**Directions for this task**
Set down every record below exactly as it stands, leaving out the pictures.

Data extracted from a collection:

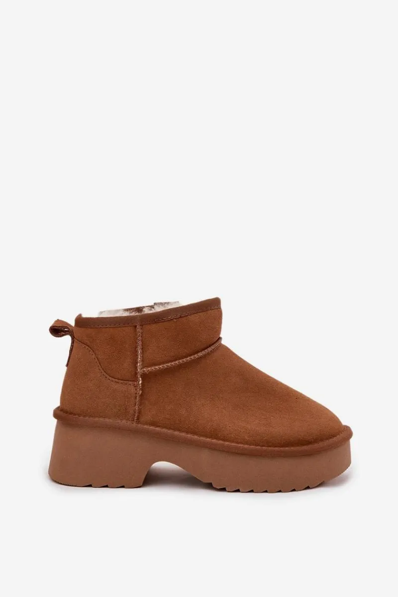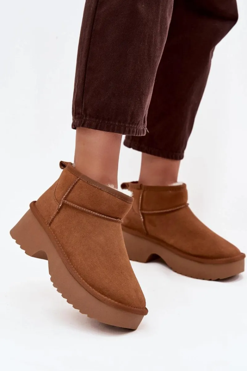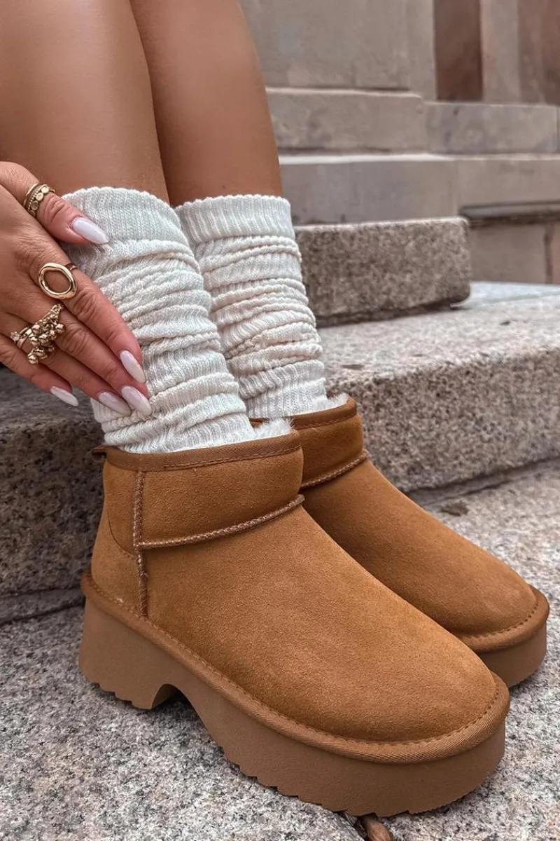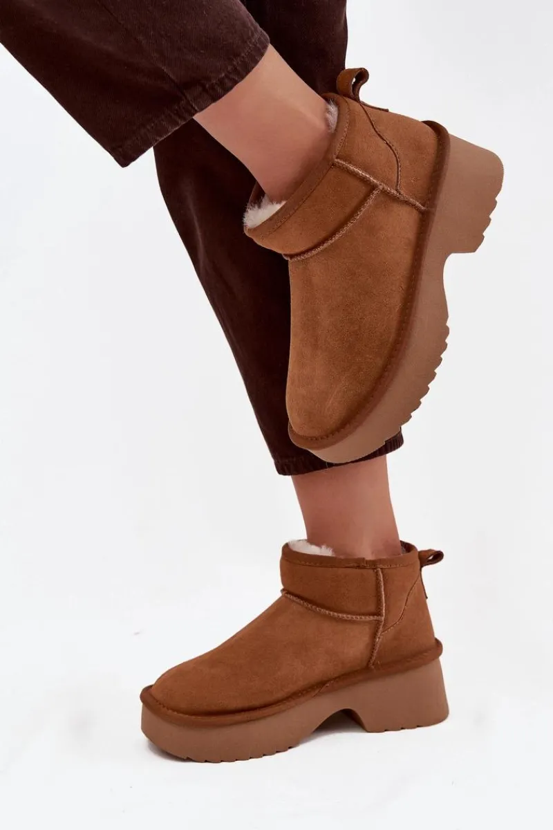 Śniegowce damskie wykonane z naturalnego zamszu to stylowa propozycja na zimowe dni. Osadzone na platformie, zapewniają stabilność i wygodę podczas chodzenia, jednocześnie skutecznie izolując od chłodu. Wnętrze butów zostało ocieplone futerkiem, które gwarantuje ciepło i komfort w mroźne dni. Modny fason sprawia, że śniegowce doskonale wpisują się w aktualne trendy. To idealny wybór dla kobiet, które cenią styl i wygodę w zimowych stylizacjach.
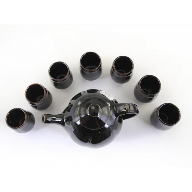 Variant of Mirror black glaze, the rims with brown tones, the group is composed of a lidded teapot (6.5 in.) 2011 and (7) cups 2008, all signed.
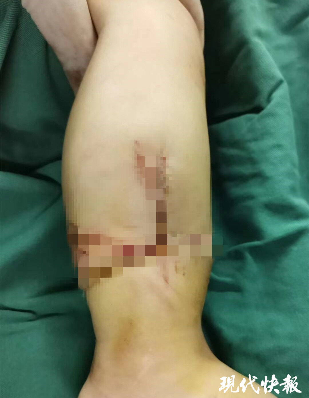 “家長鞋都沒有穿就抱著孩子來了,情況非常緊急。孩子右小腿裹著紗布,做過簡單包扎。打開一看傷口觸目驚心,是一個大的L形的傷口,皮下一直拉到肌腱層,向后方撕開,脂肪和肌腱外露。”看到如此嚴重的傷口,接診的淮安市婦幼保健院小兒外科主治醫(yī)師王挺表示嚇了一跳。“原來,家人在農(nóng)忙的時候,電動三輪車停放在田邊,三輪車當(dāng)時還處于一個可以行駛的狀態(tài),孩子爬了上去啟動了三輪車,造成三輪車急加速發(fā)生旋轉(zhuǎn)然后翻車,孩子右小腿被銳器直接撕開。”王挺說。
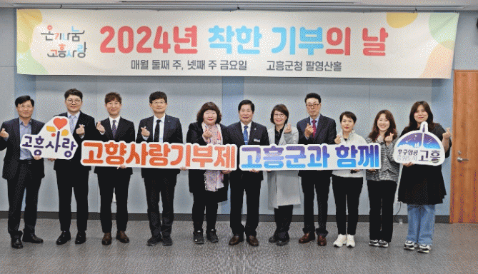 한편, 온기나눔 고흥사랑 착한 기부의 날은 작년부터 시행된 고향사랑기부제와 전 국민 온기나눔 캠페인을 연계해 기부자의 편의를 도모하기 위해 올해 2월부터 매월 둘째 주와 넷째 주에 운영되고 있다.
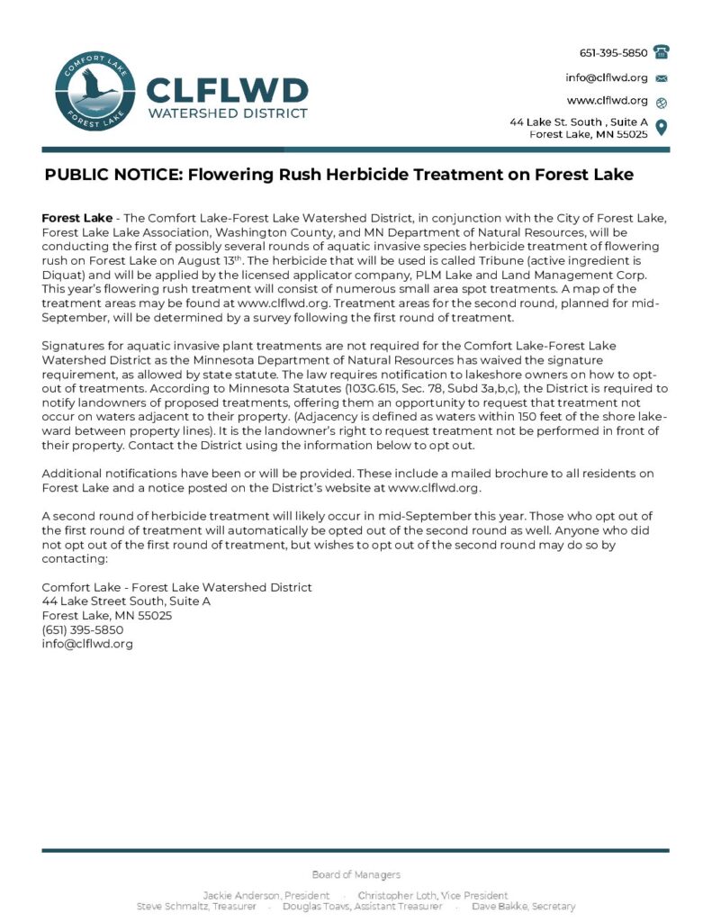 Flowering Rush Delineations, Treatments, and Assessments for Forest Lake, Washington County, Minnesota, 2025
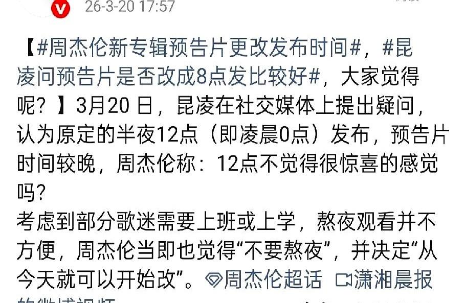 真正让周杰伦改主意的,还得是昆凌。 周杰伦为新专辑《太阳之子》预热,非要在半夜12点发预告,搞得学生党和上班族天天熬大夜。连发三天,粉丝都快扛不住了。 结果昆凌直接拍视频问他:“你干嘛总在半夜发?”,周杰伦还嘴硬说“惊喜感”,旁边杜哥也帮腔,说粉丝太累。昆凌建议,改到晚上8点多好。 周杰伦立马就听进去了,当场拍板“不要熬夜,今天就改!”。当天晚上8点,第四支预告片就准时发了。网友都说,嫂子才是真正的“歌迷代言人”。 这事儿,比发一百句宠粉文案都管用。
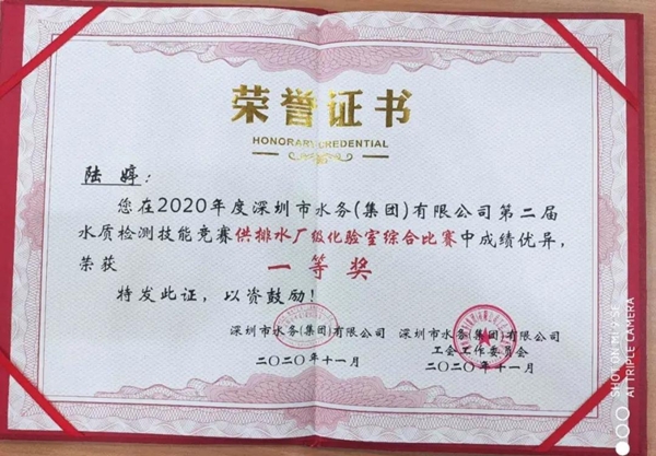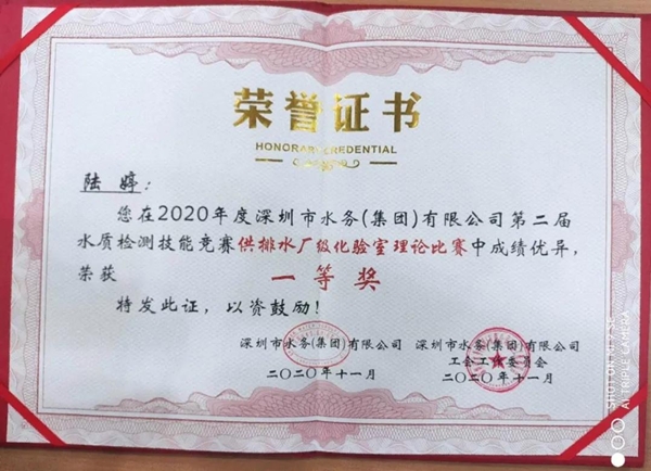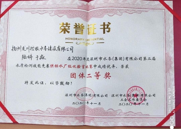 揚州龍川水務公司在深圳水務集團第二屆水質(zhì)檢測技能競賽中斬獲嘉獎
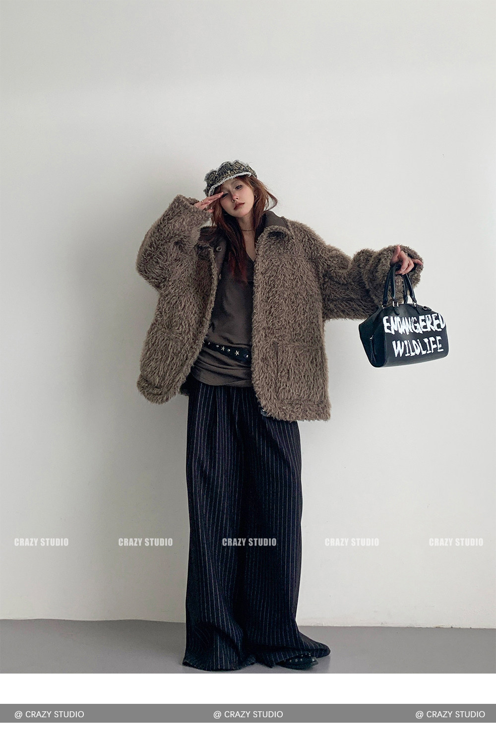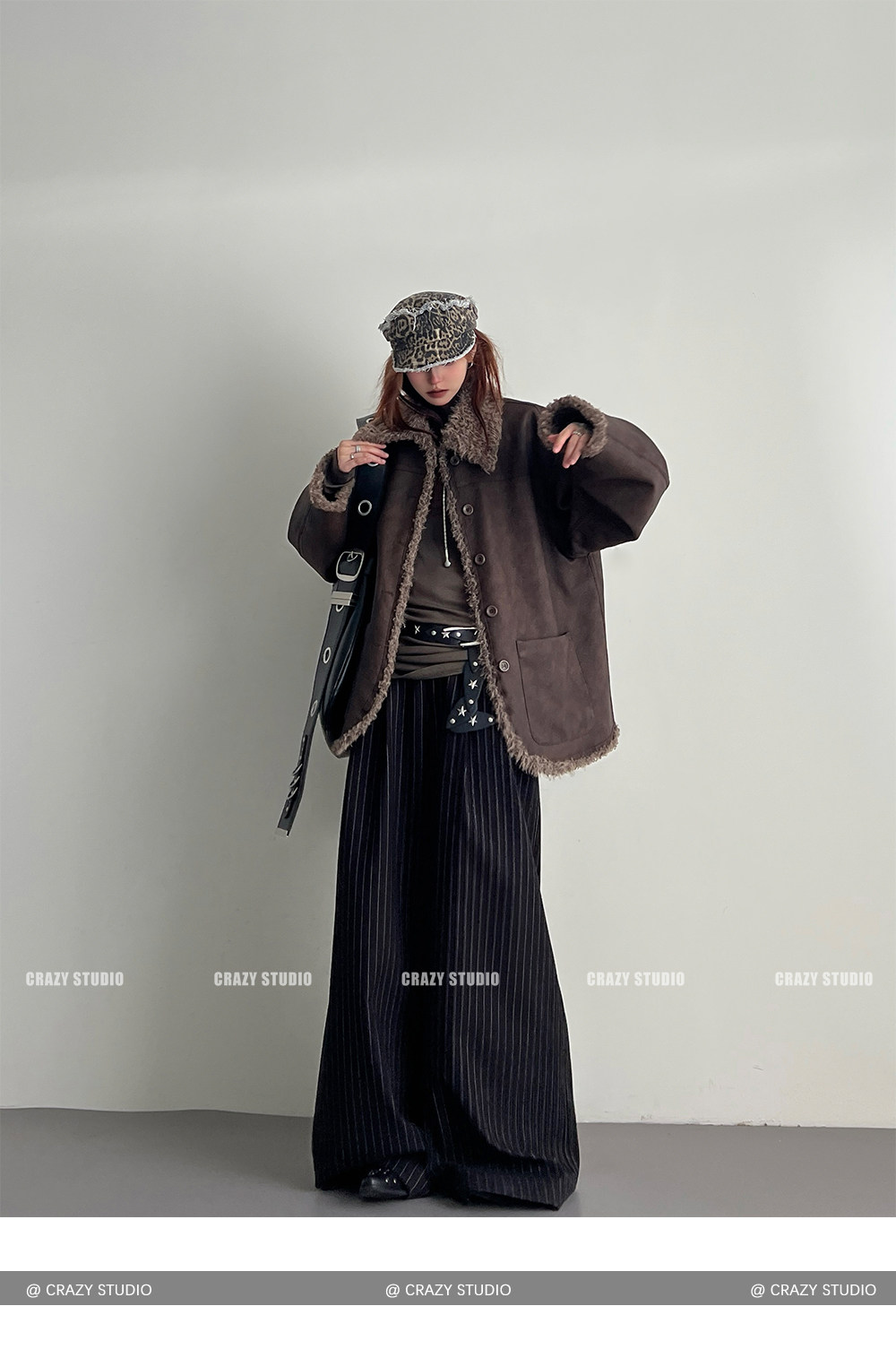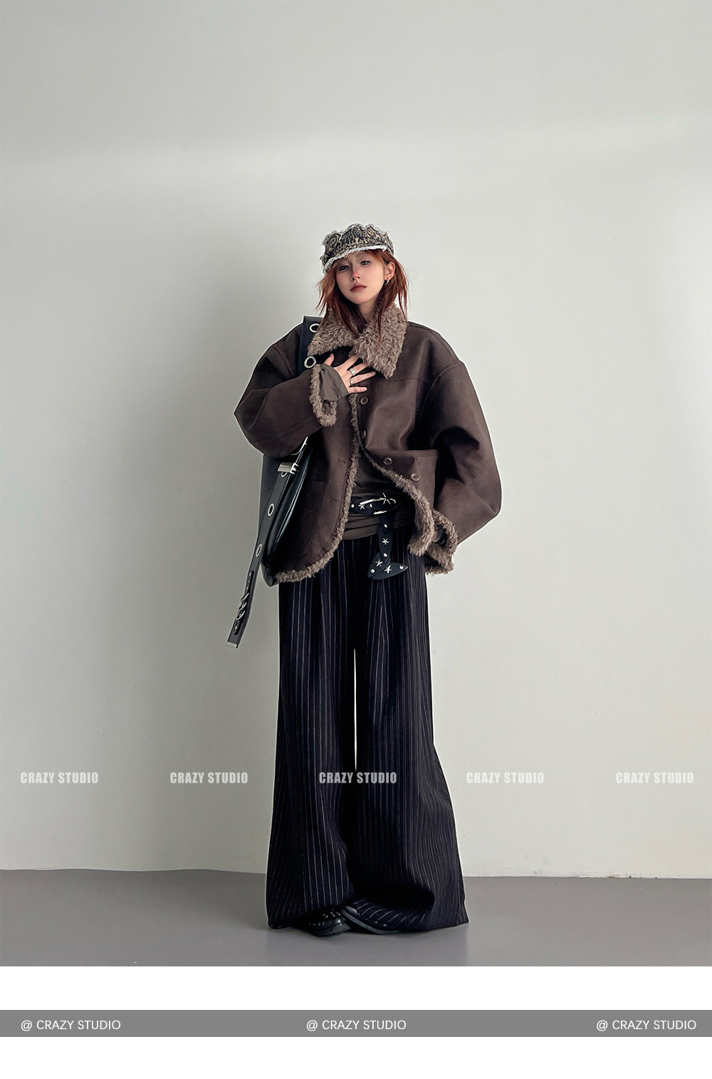 【セットアップ】【単品注文】ファー襟 スウェットアウター + カーブ ワイドパンツ 2点上下セット 【JZシリーズ】
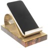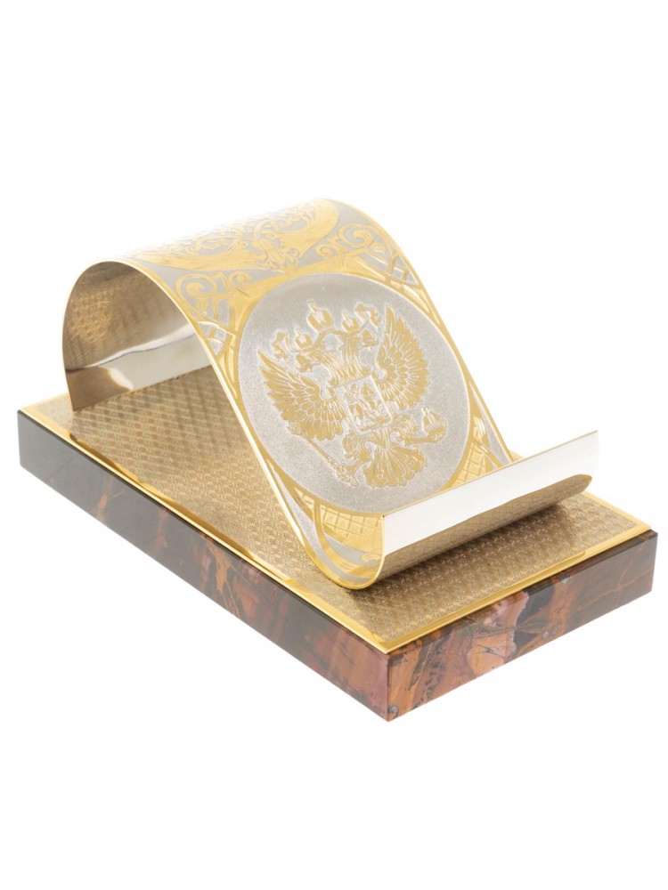 Элегантность яшмы и блеск золота. Эта подставка для телефона украшена техникой златоустовской гравюры, создавая неповторимый акцент на вашем столе.
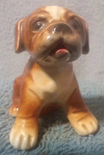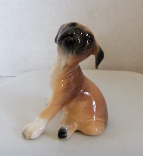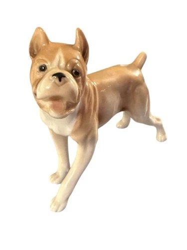 Vintage Porcelain Ceramic Boxer Dog Collectible Figurine Tan White 5”
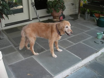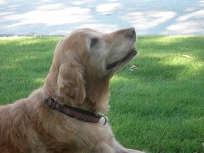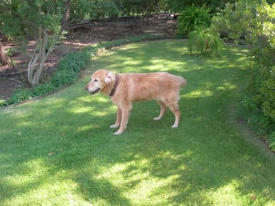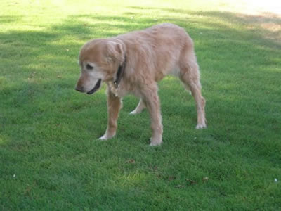 On July 2, 2010, a petite senior Golden arrived at a local shelter. Since nobody came looking for her, GRR was called—and this little girl, given the name “Bubbles,” became part of the GRR family on July 6. First stop was the vet clinic, where Bubbles had a bath, a check-up, and, on July 9, surgery to remove a small growth on one eyelid and to repair entropion in both eyes (entropion is a condition in which the lower lids turn inward, so that the lashes scratch painfully at the eyeball). On Saturday, July 10, she headed to her foster home, wearing an Elizabethan collar. She was always sweet and patient, but her foster parents could tell she was in pain despite her pain meds; they were worried, too, about a pink discharge from her left eye. So, first thing Monday, another vet date was set; and on Tuesday, Bubbles ( by then affectionately known as “Phoebe” to her family) underwent emergency surgery. It turned out that a loose suture was scraping at her cornea, and the vet stitched Bubbles’s third eyelid down to aid healing and keep the eye protected. For the next 3 weeks, this darling, patient lady had to keep on wearing that hard E-collar to keep her from scratching at her eyes.

**Final answer**
 Śniegowce damskie wykonane z naturalnego zamszu to stylowa propozycja na zimowe dni. Osadzone na platformie, zapewniają stabilność i wygodę podczas chodzenia, jednocześnie skutecznie izolując od chłodu. Wnętrze butów zostało ocieplone futerkiem, które gwarantuje ciepło i komfort w mroźne dni. Modny fason sprawia, że śniegowce doskonale wpisują się w aktualne trendy. To idealny wybór dla kobiet, które cenią styl i wygodę w zimowych stylizacjach.
 Variant of Mirror black glaze, the rims with brown tones, the group is composed of a lidded teapot (6.5 in.) 2011 and (7) cups 2008, all signed.
 “家長鞋都沒有穿就抱著孩子來了,情況非常緊急。孩子右小腿裹著紗布,做過簡單包扎。打開一看傷口觸目驚心,是一個大的L形的傷口,皮下一直拉到肌腱層,向后方撕開,脂肪和肌腱外露。”看到如此嚴重的傷口,接診的淮安市婦幼保健院小兒外科主治醫(yī)師王挺表示嚇了一跳。“原來,家人在農(nóng)忙的時候,電動三輪車停放在田邊,三輪車當(dāng)時還處于一個可以行駛的狀態(tài),孩子爬了上去啟動了三輪車,造成三輪車急加速發(fā)生旋轉(zhuǎn)然后翻車,孩子右小腿被銳器直接撕開。”王挺說。
 한편, 온기나눔 고흥사랑 착한 기부의 날은 작년부터 시행된 고향사랑기부제와 전 국민 온기나눔 캠페인을 연계해 기부자의 편의를 도모하기 위해 올해 2월부터 매월 둘째 주와 넷째 주에 운영되고 있다.
 Flowering Rush Delineations, Treatments, and Assessments for Forest Lake, Washington County, Minnesota, 2025
 真正让周杰伦改主意的,还得是昆凌。 周杰伦为新专辑《太阳之子》预热,非要在半夜12点发预告,搞得学生党和上班族天天熬大夜。连发三天,粉丝都快扛不住了。 结果昆凌直接拍视频问他:“你干嘛总在半夜发?”,周杰伦还嘴硬说“惊喜感”,旁边杜哥也帮腔,说粉丝太累。昆凌建议,改到晚上8点多好。 周杰伦立马就听进去了,当场拍板“不要熬夜,今天就改!”。当天晚上8点,第四支预告片就准时发了。网友都说,嫂子才是真正的“歌迷代言人”。 这事儿,比发一百句宠粉文案都管用。
 揚州龍川水務公司在深圳水務集團第二屆水質(zhì)檢測技能競賽中斬獲嘉獎
 【セットアップ】【単品注文】ファー襟 スウェットアウター + カーブ ワイドパンツ 2点上下セット 【JZシリーズ】
 Элегантность яшмы и блеск золота. Эта подставка для телефона украшена техникой златоустовской гравюры, создавая неповторимый акцент на вашем столе.
 Vintage Porcelain Ceramic Boxer Dog Collectible Figurine Tan White 5”
 On July 2, 2010, a petite senior Golden arrived at a local shelter. Since nobody came looking for her, GRR was called—and this little girl, given the name “Bubbles,” became part of the GRR family on July 6. First stop was the vet clinic, where Bubbles had a bath, a check-up, and, on July 9, surgery to remove a small growth on one eyelid and to repair entropion in both eyes (entropion is a condition in which the lower lids turn inward, so that the lashes scratch painfully at the eyeball). On Saturday, July 10, she headed to her foster home, wearing an Elizabethan collar. She was always sweet and patient, but her foster parents could tell she was in pain despite her pain meds; they were worried, too, about a pink discharge from her left eye. So, first thing Monday, another vet date was set; and on Tuesday, Bubbles ( by then affectionately known as “Phoebe” to her family) underwent emergency surgery. It turned out that a loose suture was scraping at her cornea, and the vet stitched Bubbles’s third eyelid down to aid healing and keep the eye protected. For the next 3 weeks, this darling, patient lady had to keep on wearing that hard E-collar to keep her from scratching at her eyes.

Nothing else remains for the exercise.